◆ Problem to solve: Below is a listing; write it out exactly and drop any images from it.

◆ Data section:
==============================

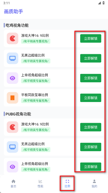 6.同理,在比例板块,点击后面的立即解锁,即可使用相对应的功能哈。
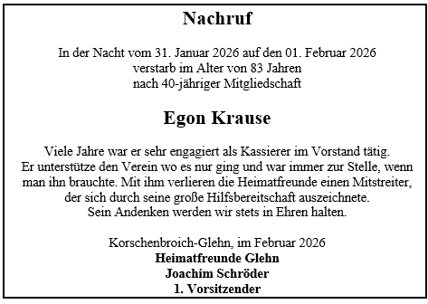 Die Heimatfreunde Glehn wünschen dem Königspaar, den Ministerpaaren sowie allen Schützen, Bürgerinnen und Bürgern ein frohes und sonniges Schützenfest.
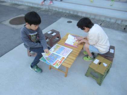 国語の学習で読んだ「スイミー」を見つけ、嬉しそうにスタッフの方に読んでみせていました。
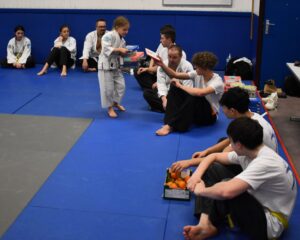 Saint-Nicolas a pensé à tout le monde ! Les professeurs ont également été récompensés pour leur investissement tout au long de l’année, ainsi que les autres enfants qui n’étaient pas présents sur le tatami ce jour-là. Personne n’a été oublié dans cette distribution festive.

==============================

◆ Answer to the problem:
 6.同理,在比例板块,点击后面的立即解锁,即可使用相对应的功能哈。
 Die Heimatfreunde Glehn wünschen dem Königspaar, den Ministerpaaren sowie allen Schützen, Bürgerinnen und Bürgern ein frohes und sonniges Schützenfest.
 国語の学習で読んだ「スイミー」を見つけ、嬉しそうにスタッフの方に読んでみせていました。
 Saint-Nicolas a pensé à tout le monde ! Les professeurs ont également été récompensés pour leur investissement tout au long de l’année, ainsi que les autres enfants qui n’étaient pas présents sur le tatami ce jour-là. Personne n’a été oublié dans cette distribution festive.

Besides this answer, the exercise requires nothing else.